Events
Charity Bake Off - Brought to you by James Wormald -
Charity? Not an incredibly capitalist concept is it? In a world becoming increasingly out for itself, what part does charity play? For the last few years the tabloid journalists have not subsided in banging on about ‘The biggest recession of 100 years!’. Thankfully like an idiot’s impersonation of a ghost (shaking hands out and cooing “oooooooooooo” in a wavy voice), they haven’t managed to put the willies up anyone as they intended. Ironic, that in order to sell newspapers, their strategy was to cause widespread panic by claiming people weren’t buying and you shouldn’t be either.
Now, obviously I can’t claim the recession was all down to tabloid newspapers (or all newspapers for that matter). It was mainly due to more idiotic people borrowing money they couldn’t afford to pay back because of the ‘got to have it now’ culture we blindly bathe in. That, as well as the arguably more idiotic decisions to give these people money they couldn’t afford to pay back. The first group are a simple people, tricked by an amalgamation of media into craving a life they don’t need, and don’t strictly want. The second group however, really should know better. Why did they not know what would happen. It’s like enticing a 7-foot hairy beast into a bear trap, forgetting to step out of the trap first.
You’d assume that the charities would be the first to feel the strain in recession. Perhaps the assumption is correct, perhaps not. But if you’re putting your bank statement on a New Year Detox diet, needing to shave anything from a couple, to thousands of pounds (sterling) from the monthly thriller, what’s the first thing to go? Shoes? Massages? Cocaine? Booze? Or however much you commonly give to any kind of charity? Money constantly packing its bags without warning, and leaving you with no forwarding address, no phone call. Not even a rushed letter on the back of a FINAL REPAYMENT envelope.
The world seems to have an ever increasingly twisted view of itself as there must now be some new natural disaster for everyone to get upset and ‘We must help all we can’ pent up about every couple of months. The latest subject on the collective tongue of any bog-standard London wine bar, is Haiti. There’s always some kind of disaster fund to give to these days. We may be in recession, but you’ve got to do your bit eh? Who would you be if you didn’t? Exactly. That’s why we give to charity! It’s all a weak attempt to conceal and forget about who we all really are. Cheap, tight fisted, penny pinching, mean old bastards. So we give, we donate, we pledge, and we contribute. Contribute without a moment’s thought. For that moment would cause enough self-hatred to send us spiralling into an orgy of shame.
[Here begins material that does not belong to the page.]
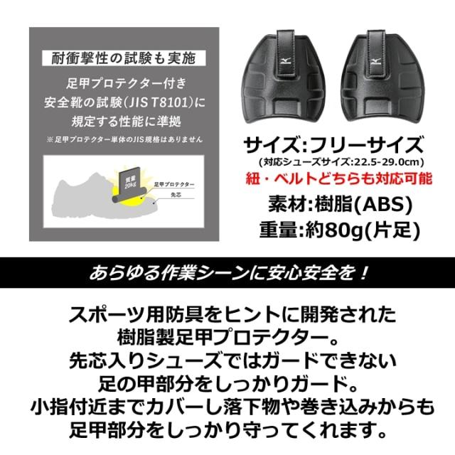 スポーツ用防具をヒントに作られた足甲プロテクター。 落下物や台車の巻き込みから足甲部分をしっかりガードしてくれます。 先芯入りシューズではガードできない足甲部分をカバー。 プロテクター部分の表面積を大きくして小指部分までしっかりサポートしてくれます。 大きな表面積、樹脂製にすることで足甲にかかる重さを分散。 面ファスナー取り付け式なので紐タイプ・ベルトタイプのシューズにも取り付け可能。 ワークシーンの足元をサポートするプロテクターです。 【特徴】 ● 安全靴だけでは防げない甲部分をサポート ● 軽量設計 ● 22.5-29.0cmまで対応可能 ● 紐/ベルトタイプ両方とも対応可能 ● プロテクター部分の表面積を大きくして小指部分までカバー |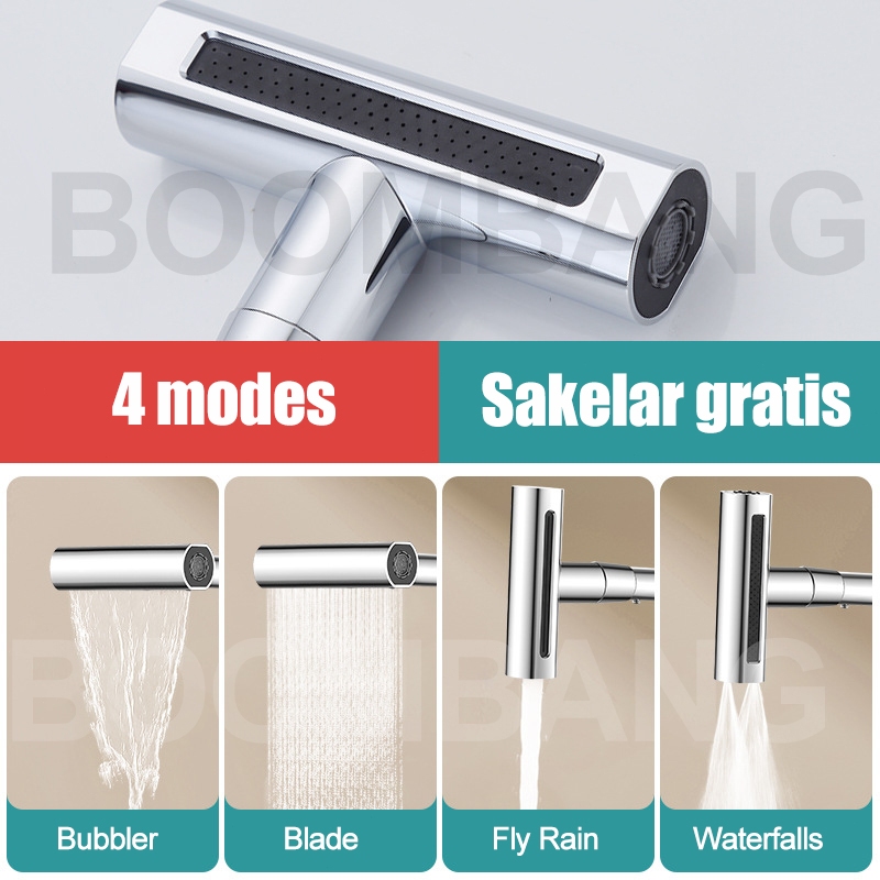 Kran Air Terjun 4 Mode/Kran Angsa Fleksibel/Kran Wastafel Cuci Piring/Kran Air 1/2 inci/Kran Shower

Partly because the company I work for is a charity itself, and partly because we just bloody love cake. It was decided (by one person, and just wordlessly agreed by the rest) to have a bake sale to raise some funds for the Haiti appeal. For the full week before hand, it was all that could be talked about… coming to a fore of flour based one-upmanship in the pub on Friday afternoon. After asking a colleague if she would be treating us to her baking prowess the following week, she foolishly gave away her plan. She would bake a two-storey sponge, in the shape of the company logo (a hexagon). With the logo written in icing sugar on top.
Offended that it was better than anything I could think of doing myself, I foolishly, not so much as ‘upped’ the bar, as attached it to the next space shuttle before launch. Possibly drunk on excitement for the challenge, and possibly just drunk, I bravely and gallantly exclaimed that I would be baking a cake… in the shape of… a pencil! Yes, my keyboard does not deceive, you read correctly. A cake, in the shape of a pencil! ‘How is this possible?’ I imagine you to think. Well that’s really not important. A small obstacle that doesn’t have to be considered at this point in time. I’m far too busy basking in the glory of colleague awe from a claim so daring and so preposterous that I was laughed out of the room.
The reality of the cake was actually very simple (in theory). I would bake two sponges in little stumpy bread tins. Cut a dry, riverbed from the middle of each and fill with chocolate icing (lead). Stick the two sides together, and sharpen one end (like a pencil). Cut the sides down from square to hexagon, cover Frankenstein’s desert in marzipan from the waist down, and pop a few chocolate buttons on top. Easy.
Not quite. The dual sponge plan was abandoned early for fear of falling apart, instead a 3 layer tiered option was favoured. Three hexagoned layers, stacked. Each with a hole cut out and filled with ‘lead’, the third sharpened into a point, with the entire beastlyman covered in marzipan. Problems with the plan: In favour of a more natural ‘wooden pencil’ look, I used wholemeal flour, making the sponge much grainier and harder to shape. This meant the actual hexagons were less than straight, making the whole thing lean to one side like a homosexual sharing a urinal with David Beckham. It was so bumpy, with the wrapped coat of marzipan the thing looked like a bag of car radios hidden in a chav’s yellow puffer jacket.
But hey… once it was out, onto a plate, cleaned up a bit and presented with the others. It looked bloody special, still easily recognisable (unprompted) as a pencil.
So in the end, roughly £10 was spent on slices of the pencil cake, making up a fair proportion of the £120 raised overall. Not content with doing its bit for the one charity, the selflessly hardworking pencil cake caused quite the stir on Twitter, providing priceless marketing for the company (charity) itself.
With the recession officially over, there’s still a long long way to go back to normality, possibly a long and bumpy road for all the charities of the world, however as long this country continues to produce creative, outside the cake-box bakers, I’ve got a funny feeling we’ll be all right.
Or has all the sugar simply given me diabetes?